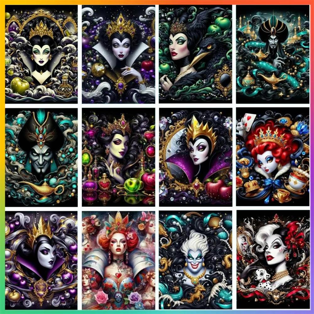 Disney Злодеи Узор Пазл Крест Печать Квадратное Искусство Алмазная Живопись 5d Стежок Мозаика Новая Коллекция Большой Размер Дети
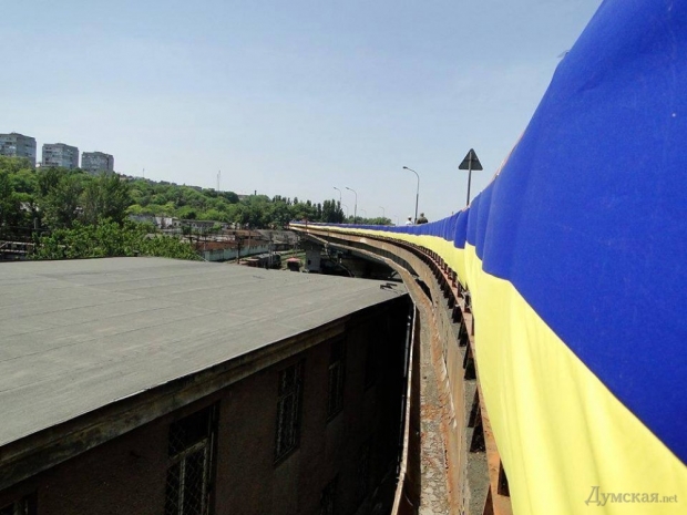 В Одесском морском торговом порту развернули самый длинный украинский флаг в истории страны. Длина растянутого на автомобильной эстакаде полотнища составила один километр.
════════════════════
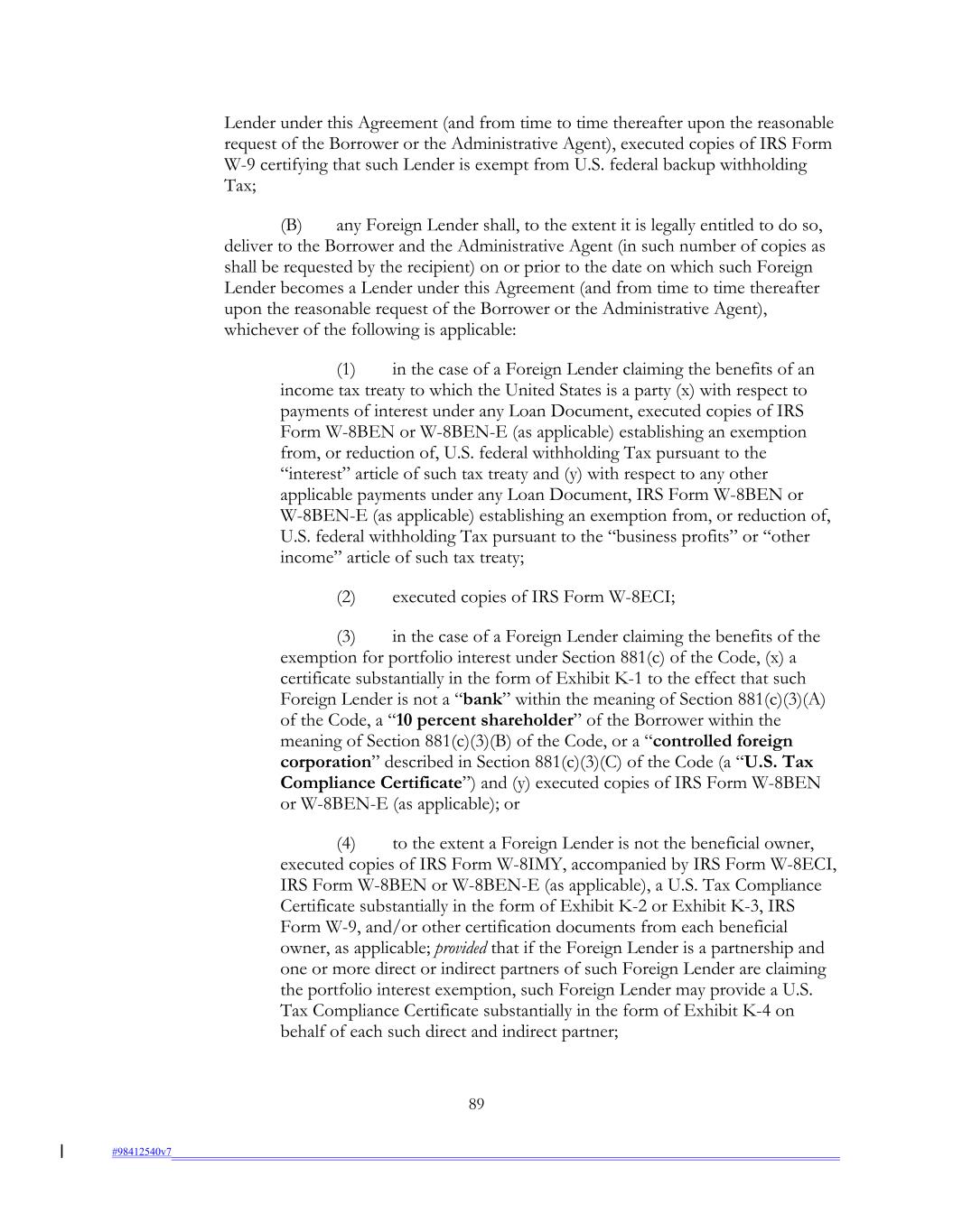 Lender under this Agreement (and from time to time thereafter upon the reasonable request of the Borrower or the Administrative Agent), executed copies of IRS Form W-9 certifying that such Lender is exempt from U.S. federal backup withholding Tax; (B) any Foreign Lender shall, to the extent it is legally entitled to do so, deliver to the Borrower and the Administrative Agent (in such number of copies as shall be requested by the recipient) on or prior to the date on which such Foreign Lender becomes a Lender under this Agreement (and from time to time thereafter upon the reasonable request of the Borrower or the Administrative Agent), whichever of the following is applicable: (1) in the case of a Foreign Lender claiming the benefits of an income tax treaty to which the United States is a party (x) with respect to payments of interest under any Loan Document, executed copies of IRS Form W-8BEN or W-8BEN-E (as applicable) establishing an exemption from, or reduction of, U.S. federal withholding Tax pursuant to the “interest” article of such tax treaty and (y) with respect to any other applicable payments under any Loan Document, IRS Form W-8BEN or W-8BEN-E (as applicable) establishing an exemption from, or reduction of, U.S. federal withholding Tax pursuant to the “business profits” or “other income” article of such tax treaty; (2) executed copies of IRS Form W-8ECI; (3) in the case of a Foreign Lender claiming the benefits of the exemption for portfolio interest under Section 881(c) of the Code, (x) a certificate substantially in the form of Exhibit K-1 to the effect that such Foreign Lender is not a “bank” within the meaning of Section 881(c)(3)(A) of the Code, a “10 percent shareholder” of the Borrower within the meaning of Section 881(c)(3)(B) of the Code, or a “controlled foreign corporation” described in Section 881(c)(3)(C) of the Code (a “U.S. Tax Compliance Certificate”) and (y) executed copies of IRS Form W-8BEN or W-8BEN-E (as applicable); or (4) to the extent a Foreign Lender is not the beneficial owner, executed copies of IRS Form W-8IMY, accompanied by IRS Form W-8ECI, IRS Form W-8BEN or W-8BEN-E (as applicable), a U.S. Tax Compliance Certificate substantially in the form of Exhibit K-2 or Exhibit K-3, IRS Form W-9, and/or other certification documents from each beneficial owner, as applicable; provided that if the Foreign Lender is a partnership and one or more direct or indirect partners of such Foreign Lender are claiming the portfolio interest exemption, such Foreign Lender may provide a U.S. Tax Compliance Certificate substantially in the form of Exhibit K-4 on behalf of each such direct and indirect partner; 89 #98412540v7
════════════════════
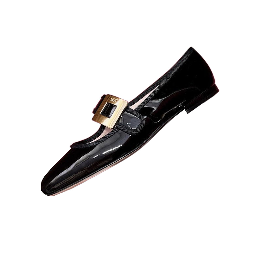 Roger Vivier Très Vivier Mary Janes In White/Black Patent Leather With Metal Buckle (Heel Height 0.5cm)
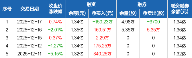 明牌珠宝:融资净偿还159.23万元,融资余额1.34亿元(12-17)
════════════════════
EXERCISE DIRECTIONS: The answer should consist only of the lines above from the one with "Disney Злодеи Узор" through the one with "В Одесском морском", repeated exactly, with no pictures among them.

EXPECTED OUTPUT:
 Disney Злодеи Узор Пазл Крест Печать Квадратное Искусство Алмазная Живопись 5d Стежок Мозаика Новая Коллекция Большой Размер Дети
 В Одесском морском торговом порту развернули самый длинный украинский флаг в истории страны. Длина растянутого на автомобильной эстакаде полотнища составила один километр.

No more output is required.